*SUPPLIED DATA*

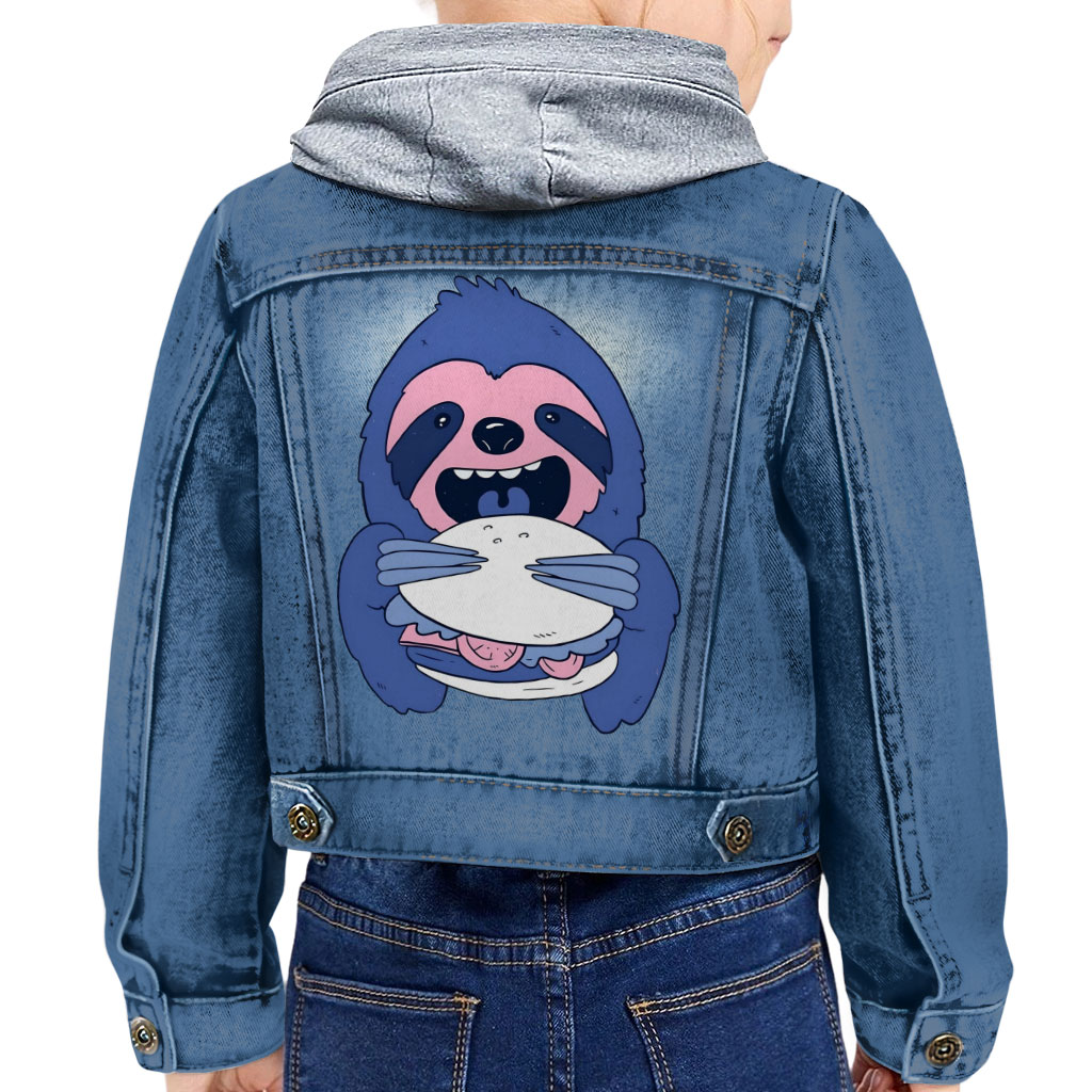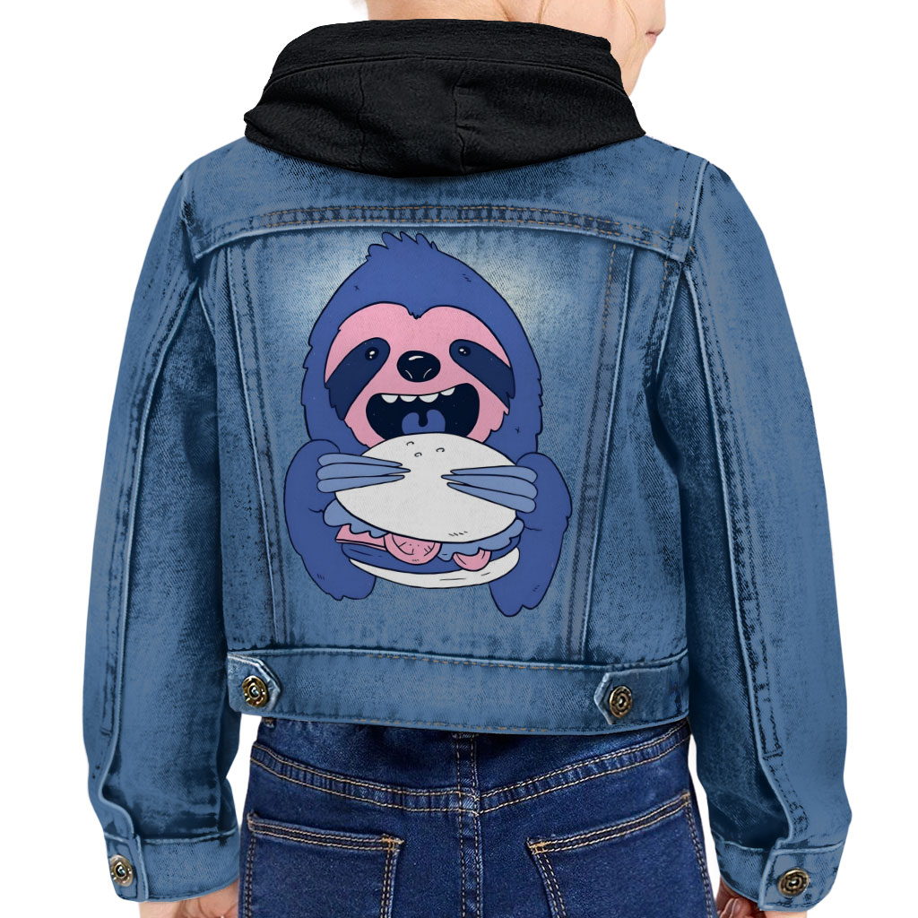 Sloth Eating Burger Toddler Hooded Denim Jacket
==
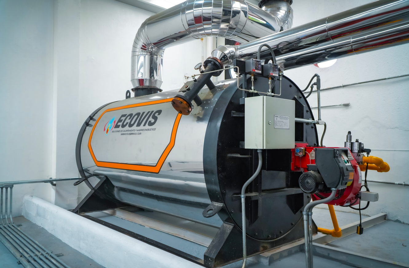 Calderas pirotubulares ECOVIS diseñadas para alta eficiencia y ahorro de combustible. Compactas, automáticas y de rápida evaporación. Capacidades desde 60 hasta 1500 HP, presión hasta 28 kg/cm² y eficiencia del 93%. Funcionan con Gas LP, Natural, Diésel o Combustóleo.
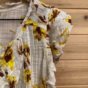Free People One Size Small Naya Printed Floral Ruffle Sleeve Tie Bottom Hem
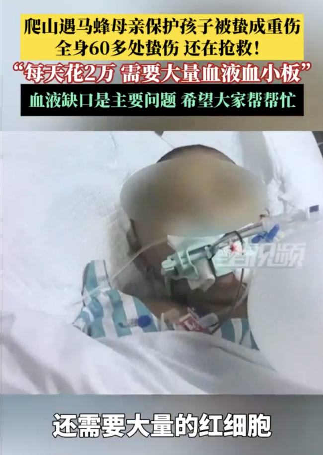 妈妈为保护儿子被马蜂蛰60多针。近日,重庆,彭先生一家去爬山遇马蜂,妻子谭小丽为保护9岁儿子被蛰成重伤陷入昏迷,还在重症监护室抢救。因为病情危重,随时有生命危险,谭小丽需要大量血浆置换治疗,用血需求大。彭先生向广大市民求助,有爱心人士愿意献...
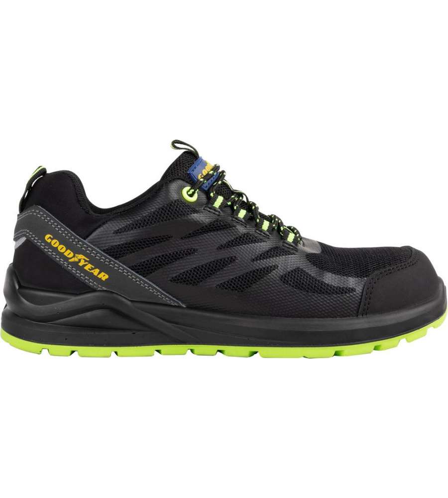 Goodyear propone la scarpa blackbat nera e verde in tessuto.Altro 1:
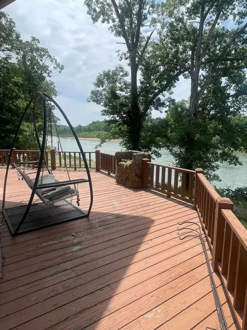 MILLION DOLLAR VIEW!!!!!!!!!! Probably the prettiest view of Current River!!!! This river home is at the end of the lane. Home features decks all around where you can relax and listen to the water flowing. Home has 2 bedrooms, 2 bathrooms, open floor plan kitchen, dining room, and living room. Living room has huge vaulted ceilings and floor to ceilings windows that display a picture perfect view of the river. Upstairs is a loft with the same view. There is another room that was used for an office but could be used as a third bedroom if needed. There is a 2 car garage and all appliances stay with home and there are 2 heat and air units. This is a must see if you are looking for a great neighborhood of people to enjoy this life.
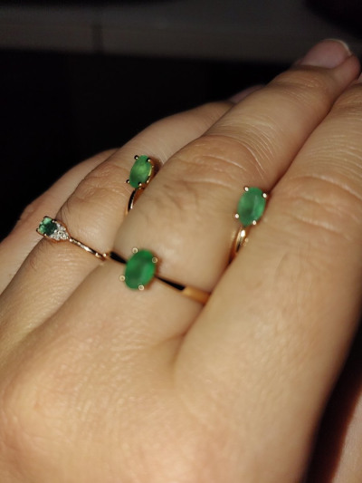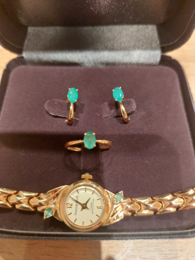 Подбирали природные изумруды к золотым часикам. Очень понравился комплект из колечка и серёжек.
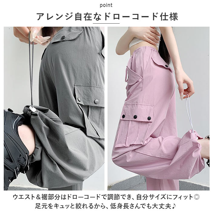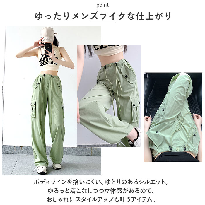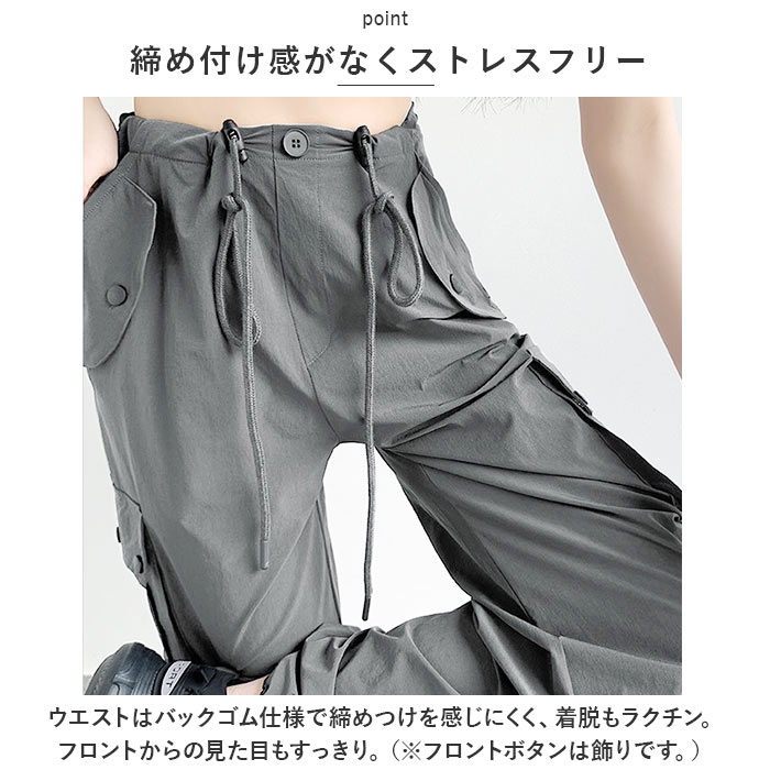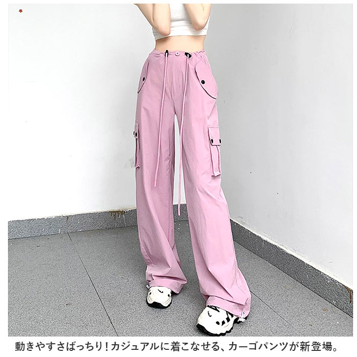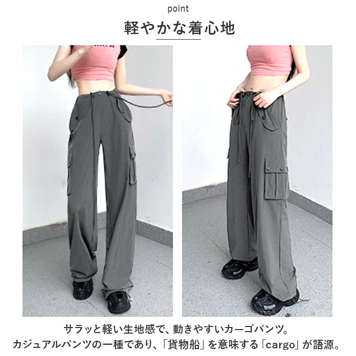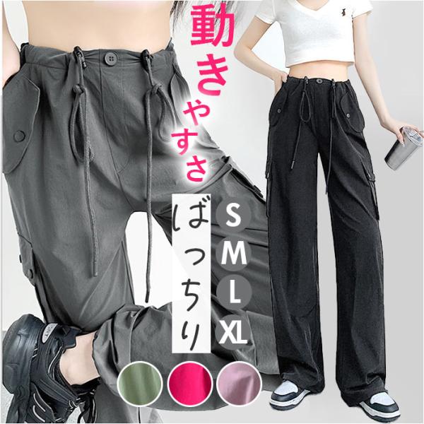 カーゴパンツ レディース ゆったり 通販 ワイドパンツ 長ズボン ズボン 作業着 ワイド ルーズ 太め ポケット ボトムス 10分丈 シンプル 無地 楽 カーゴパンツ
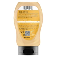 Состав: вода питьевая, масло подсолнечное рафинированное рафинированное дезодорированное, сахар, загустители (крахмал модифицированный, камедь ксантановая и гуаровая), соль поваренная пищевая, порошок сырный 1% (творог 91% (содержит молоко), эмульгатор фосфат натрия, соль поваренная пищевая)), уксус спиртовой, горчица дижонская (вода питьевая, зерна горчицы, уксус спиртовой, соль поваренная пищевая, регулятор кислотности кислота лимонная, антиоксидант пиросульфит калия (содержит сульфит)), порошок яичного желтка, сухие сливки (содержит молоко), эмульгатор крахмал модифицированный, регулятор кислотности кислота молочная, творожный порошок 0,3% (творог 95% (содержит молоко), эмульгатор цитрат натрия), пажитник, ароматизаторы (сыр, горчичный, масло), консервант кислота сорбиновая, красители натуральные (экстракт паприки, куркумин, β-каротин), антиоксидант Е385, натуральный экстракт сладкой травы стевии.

*ASSIGNMENT*
Within the entries above, the lines from the one containing "Free People One" through the one containing "Goodyear propone la" are to be transcribed exactly, ends included, pictures excluded.

*TASK OUTPUT*
Free People One Size Small Naya Printed Floral Ruffle Sleeve Tie Bottom Hem
 妈妈为保护儿子被马蜂蛰60多针。近日,重庆,彭先生一家去爬山遇马蜂,妻子谭小丽为保护9岁儿子被蛰成重伤陷入昏迷,还在重症监护室抢救。因为病情危重,随时有生命危险,谭小丽需要大量血浆置换治疗,用血需求大。彭先生向广大市民求助,有爱心人士愿意献...
 Goodyear propone la scarpa blackbat nera e verde in tessuto.Altro 1:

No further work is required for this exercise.